This invention relates generally to an open end spinning machine, and more particularly to the prevention of the occurrence of snarls in the yarn end present in a yarn take-up tube at the time when the spinning machine stops or starts to operate.
Generally, in an open end spinning machine such as, for example, described in U.S. Pat. No. 3,354,626, each spinning unit includes means for feeding individually opened fibers into a spinning rotor, in which subatmospheric pressure is produced by rotation thereof. The opened fibers are formed into a yarn in the spinning rotor. The yarn is transported from the spinning rotor by a take-up means including a yarn take-up tube and yarn take-up rollers and is wound on a bobbin by a winding means. Also, in the above open end spinning machine, each of the fiber feeding means, yarn take-up means and yarn winding means is mounted on a separate driving shaft and a single motor drives these separate driving shafts through a rotation transmission mechanism including trains of gears. This motor also drives an endless belt, which is in frictional contact with spindles of the spinning rotors to rotate the same.
When the spinning machine is stopped, the fiber feeding means is first stopped to discontinue the supply of fibers to the spinning rotor, the take-up roller and winding roller are then stopped at a time when the yarn end resulting from breakage of the yarn still remains in the yarn take-up tube which undergoes the suction effect of the subatmospheric pressure in the spinning rotor. Finally, all the spinning rotors are stopped. On starting, all the spinning rotors start to rotate simultaneously, the yarn take-up rollers and winding rollers are then rotated in a reverse direction to push the yarn ends from the take-up tubes into the spinning rotors, while the fiber feeding means are operated to supply the opened fibers into the spinning rotors thereby to allow them to be twisted into the reversed yarn ends. Thereafter, the take-up rollers and winding rollers are rotated in a normal, yarn winding direction.

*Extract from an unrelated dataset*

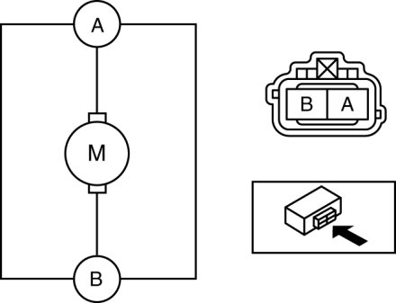 4. Connect battery positive voltage to windshield washer motor terminal A and terminal B to ground.

With this stopping method, the rotation of the spinning rotors continues for a predetermined period of time even after the take-up rollers have stopped, and the rotating rotors can impose the suction effect thereof upon the yarn ends in the yarn take-up tubes. This causes each yarn end to be untwisted between the associated spinning rotor and take-up rollers so that the occurrence of snarls in the yarn end can be prevented to some extent. However, where the yarn end has been given a strong twist, the afore-mentioned suction effect of the spinning rotor may not satisfactorily prevent the yarn end from being snarled after the stop of rotation thereof and therefore the yarn end may shrink upwardly out of the yarn take-up tube. In such case, even when the spinning rotor is rotated before the rotation of the take-up roller and winding roller starts in the reverse direction, it is not possible to introduce the yarn end into the take-up tube and hence to the spinning rotor by the suction effect of the latter. Moreover, in the spinning machine as discussed above, since the untwisting of the yarn end is intended to be effected between the spinning rotor and the yarn take-up rollers, the length over which the yarn end is untwisted is such that yarn quality is adversely affected.
It is therefore a principal object of this invention to provide a method and apparatus for starting and stopping an open end spinning machine, which can significantly prevent the occurrence of snarls in the yarn end regardless of the degree of twist of the yarn and can limit the untwisted length of the yarn to a favourable value.